== Segment start ==

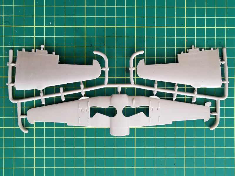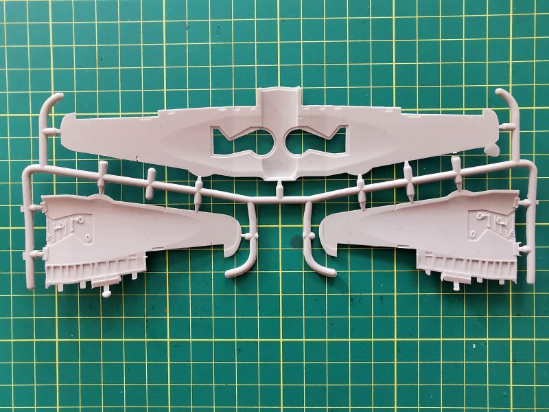 Ramek wtryskowych jest sześć, przy czym na ramkach nie ma tabliczek z numerami poszczególnych elementów, te znajdziemy w rozpisce na początku instrukcji. Na ramkach znajduje się w sumie 138 elementów, a więc dość sporo, jak na model tego typu. Do tego należy doliczyć cztery przezroczyste, ale o nich będzie mowa później. Na ramce „A” znajdują się połówki kadłuba, dolne części osłony silnika oraz osłony karabinów maszynowych. Wiadomo zatem, że model ma klasyczny podział technologiczny i żadnych sensacji w tym zakresie nie będzie. Miejsca łączenia połówek kadłuba mają kołki ustalające, jeszcze do niedawna rzecz nie spotykana w modelach tej technologii. Linie podziału wykonano jako wgłębne, są one delikatne, ale wyraźne i równe. Odtworzono także i nity w miejscach, gdzie występowały one w prawdziwym samolocie. Sporo także się dzieje wewnątrz, gdzie burty kabiny pilota mają bardzo bogato odtworzoną fakturę. Doklejane osobno osłony silnika w dolnej części dają natomiast pokusę, aby przemyśleć temat pokazania fragmentu silnika, ponieważ makieta jednostki napędowej jest w zestawie, podobnie jak karabiny maszynowe, ale o tym za chwilę.
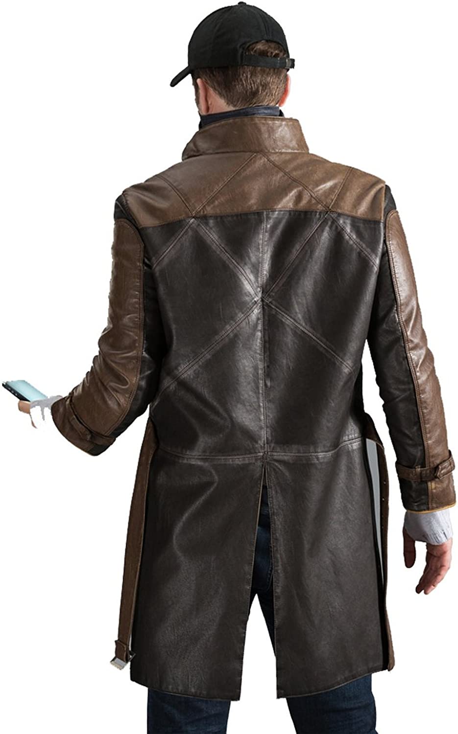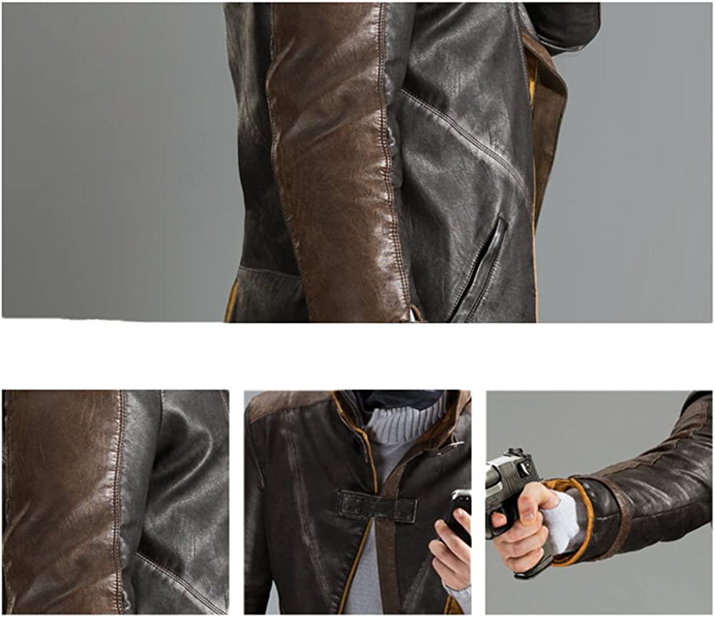 Xfang Men's Brown Leather Trench Coat Distressed Vintage Gothic Cosplay Jacket
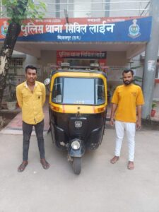 बिलासपुर ,बडे भाई उत्तम चैहान का तबियत खराब होने से उस्लापुर रेल्वे स्टेशन से रात्रि करीबन 11.55 बजे ऑटो क्रमाॅक 10 यू- 3066 में 300रू किराये में बुकिंग कर अपने घर बहतराई थाना सरकंण्डा आ रहे थे कि ऑटो चालक के द्वारा छोटी छोटी गली कूचो में घुमाना शुरू कर दिया तब प्रार्थी के द्वारा बोला की ऑटो सीधा चलाओं मरीज को दिक्कत हो रहा है तथा ऑटो चालक के द्वारा अपने पास रखे एक सब्जी काटने का चाकू दिखाकर प्रार्थी को डरा धमका कर प्रार्थी के पास रखे 1450रू को लूट लिया कि रिपोर्ट पर अपराध पंजीबध्द कर विवेचना में लिया गया विवेचना दौरान वरिष्ठ अधिकारीयों के निर्देशन व मार्गदर्शन में आरोपीयों का धर पकड कार्यवाही हेतु पुलिस टीम बनाकर घटना स्थल के आसपास के स्थानों से सीसीटीव्ही फूटेज व आरटीओं से जानकारी प्राप्त कर आरोपी ऑटो चालक मोहित गोस्वामी एवं उसके साथी राजकुमार मानिकपुरी उर्फ बहरा को गिरफ्तार कर लूटी गई नगदी रकम 1450रू में से 250रू जप्त किया गया तथा घटना में प्रयुक्त एक नग सब्जी काटने का चाकू व ऑटो क्रमाॅक सीजी-10 यू- 3066 जप्त किया गया आरोपीयो को गिरफ्तार कर न्यायिक रिमांण्ड पर भेजा गया।
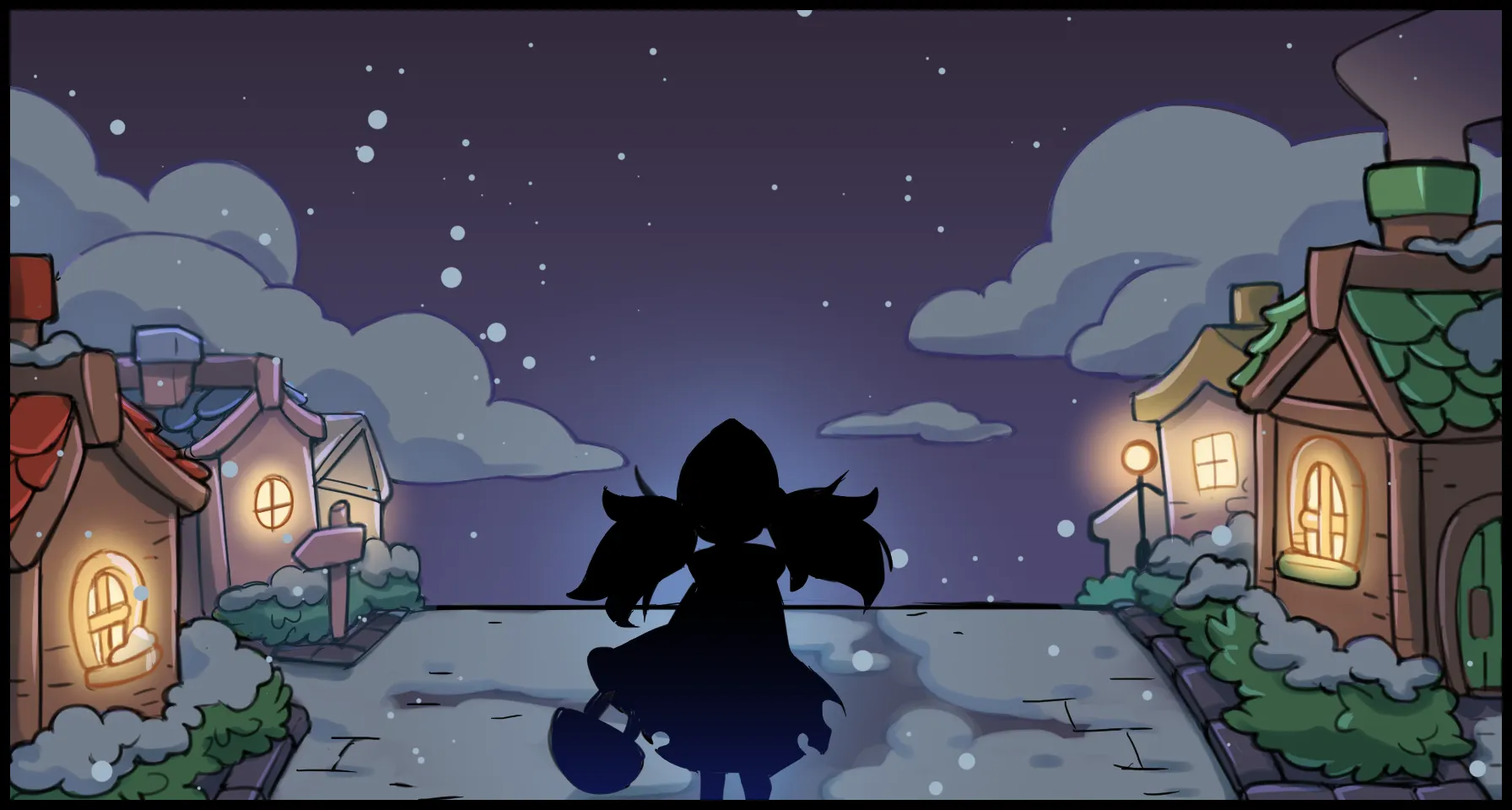O frio da estrada coberta de neve entrava em seus pés descalços, e o corpo da moça era cercado por um palito de fósforo vestido com roupas finas de inverno e um avental. Uma e outra vez, e de novo. Era uma noite de neve. A última noite do ano. Era uma noite sem lugar ou hora, apenas uma noite. A vendedora de fósforos sentia como se aquela noite se repetisse eternamente. A única coisa que ela conseguia se lembrar era da paisagem e das memórias daquele dia. Apenas a lembrança de andar descalça pela rua na última noite do ano, tentando vender fósforos às pessoas.
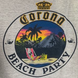 RETRO CORONA BEACH PARTY TANK TOP W/ SUN SETTING ABOVE PALM TREES PRINT
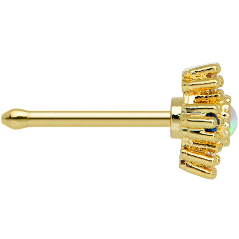 This 20 gauge nostril ring will unlock some grand style for your nose piercing! It's made with a 6mm gold tone PVD over 316L surgical grade stainless steel straight post. It features an ornate, textured design with a white synthetic opal at the center. It's further embellished with alternating clear and deep blue cubic zirconia gems along the edge. Unlock elegant style for your nostril piercing with this splendid, sunburst nose jewelry!Specifications
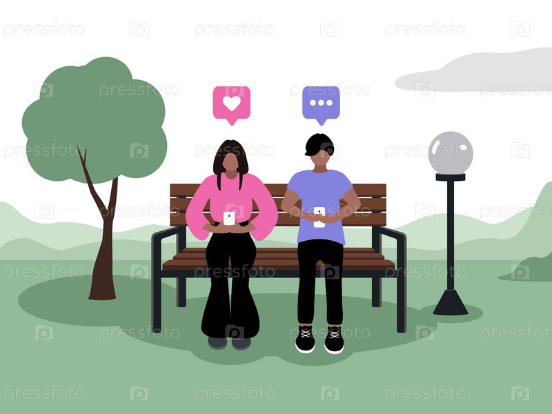 Пара с темной кожей, сидящая в телефонах в парке
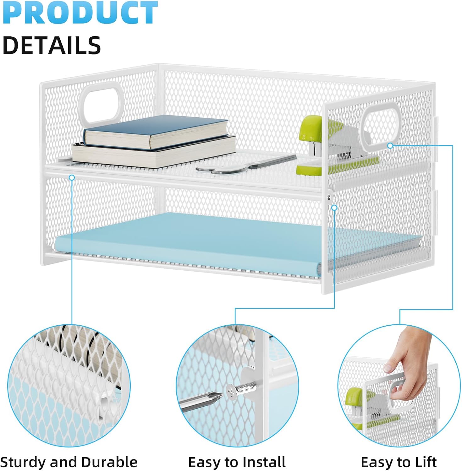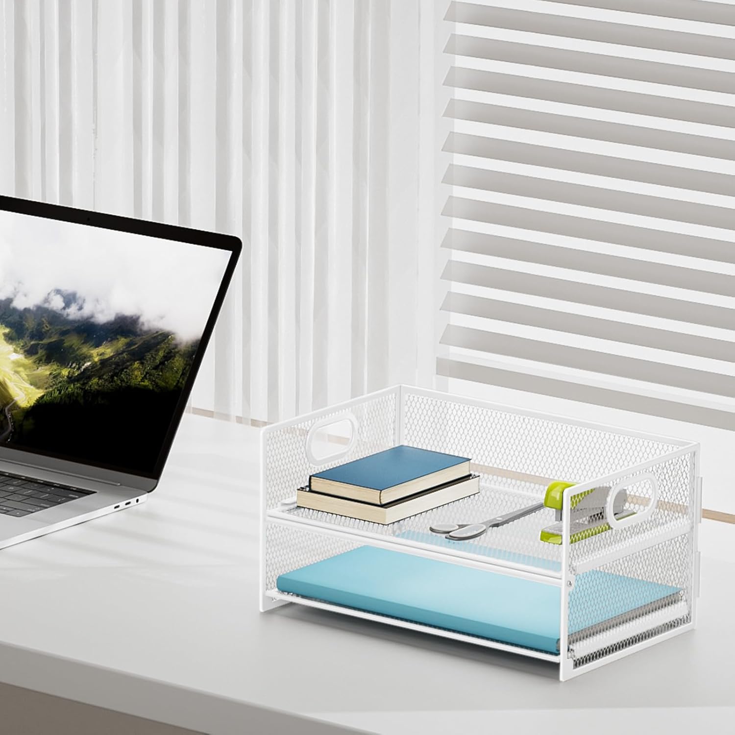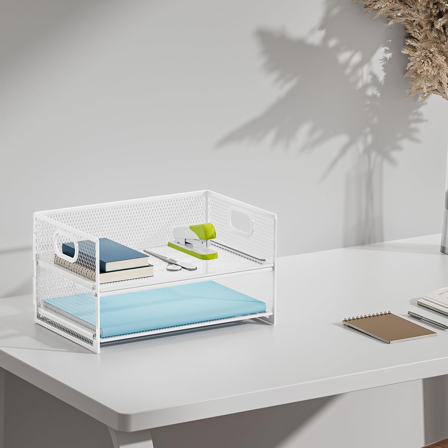 Marbrasse 2 Tier Paper Organizer Letter Tray, Mesh File Organizer with Handle, Paper Sorter Desk Organizer for Home Office Supplies - White

== Segment end ==

◆ What this task involves ◆
Exact wording is required throughout: write out all the records, but no pictures.

◆ Answer below ◆
 Ramek wtryskowych jest sześć, przy czym na ramkach nie ma tabliczek z numerami poszczególnych elementów, te znajdziemy w rozpisce na początku instrukcji. Na ramkach znajduje się w sumie 138 elementów, a więc dość sporo, jak na model tego typu. Do tego należy doliczyć cztery przezroczyste, ale o nich będzie mowa później. Na ramce „A” znajdują się połówki kadłuba, dolne części osłony silnika oraz osłony karabinów maszynowych. Wiadomo zatem, że model ma klasyczny podział technologiczny i żadnych sensacji w tym zakresie nie będzie. Miejsca łączenia połówek kadłuba mają kołki ustalające, jeszcze do niedawna rzecz nie spotykana w modelach tej technologii. Linie podziału wykonano jako wgłębne, są one delikatne, ale wyraźne i równe. Odtworzono także i nity w miejscach, gdzie występowały one w prawdziwym samolocie. Sporo także się dzieje wewnątrz, gdzie burty kabiny pilota mają bardzo bogato odtworzoną fakturę. Doklejane osobno osłony silnika w dolnej części dają natomiast pokusę, aby przemyśleć temat pokazania fragmentu silnika, ponieważ makieta jednostki napędowej jest w zestawie, podobnie jak karabiny maszynowe, ale o tym za chwilę.
 Xfang Men's Brown Leather Trench Coat Distressed Vintage Gothic Cosplay Jacket
 बिलासपुर ,बडे भाई उत्तम चैहान का तबियत खराब होने से उस्लापुर रेल्वे स्टेशन से रात्रि करीबन 11.55 बजे ऑटो क्रमाॅक 10 यू- 3066 में 300रू किराये में बुकिंग कर अपने घर बहतराई थाना सरकंण्डा आ रहे थे कि ऑटो चालक के द्वारा छोटी छोटी गली कूचो में घुमाना शुरू कर दिया तब प्रार्थी के द्वारा बोला की ऑटो सीधा चलाओं मरीज को दिक्कत हो रहा है तथा ऑटो चालक के द्वारा अपने पास रखे एक सब्जी काटने का चाकू दिखाकर प्रार्थी को डरा धमका कर प्रार्थी के पास रखे 1450रू को लूट लिया कि रिपोर्ट पर अपराध पंजीबध्द कर विवेचना में लिया गया विवेचना दौरान वरिष्ठ अधिकारीयों के निर्देशन व मार्गदर्शन में आरोपीयों का धर पकड कार्यवाही हेतु पुलिस टीम बनाकर घटना स्थल के आसपास के स्थानों से सीसीटीव्ही फूटेज व आरटीओं से जानकारी प्राप्त कर आरोपी ऑटो चालक मोहित गोस्वामी एवं उसके साथी राजकुमार मानिकपुरी उर्फ बहरा को गिरफ्तार कर लूटी गई नगदी रकम 1450रू में से 250रू जप्त किया गया तथा घटना में प्रयुक्त एक नग सब्जी काटने का चाकू व ऑटो क्रमाॅक सीजी-10 यू- 3066 जप्त किया गया आरोपीयो को गिरफ्तार कर न्यायिक रिमांण्ड पर भेजा गया।
O frio da estrada coberta de neve entrava em seus pés descalços, e o corpo da moça era cercado por um palito de fósforo vestido com roupas finas de inverno e um avental. Uma e outra vez, e de novo. Era uma noite de neve. A última noite do ano. Era uma noite sem lugar ou hora, apenas uma noite. A vendedora de fósforos sentia como se aquela noite se repetisse eternamente. A única coisa que ela conseguia se lembrar era da paisagem e das memórias daquele dia. Apenas a lembrança de andar descalça pela rua na última noite do ano, tentando vender fósforos às pessoas.
 RETRO CORONA BEACH PARTY TANK TOP W/ SUN SETTING ABOVE PALM TREES PRINT
 This 20 gauge nostril ring will unlock some grand style for your nose piercing! It's made with a 6mm gold tone PVD over 316L surgical grade stainless steel straight post. It features an ornate, textured design with a white synthetic opal at the center. It's further embellished with alternating clear and deep blue cubic zirconia gems along the edge. Unlock elegant style for your nostril piercing with this splendid, sunburst nose jewelry!Specifications
 Пара с темной кожей, сидящая в телефонах в парке
 Marbrasse 2 Tier Paper Organizer Letter Tray, Mesh File Organizer with Handle, Paper Sorter Desk Organizer for Home Office Supplies - White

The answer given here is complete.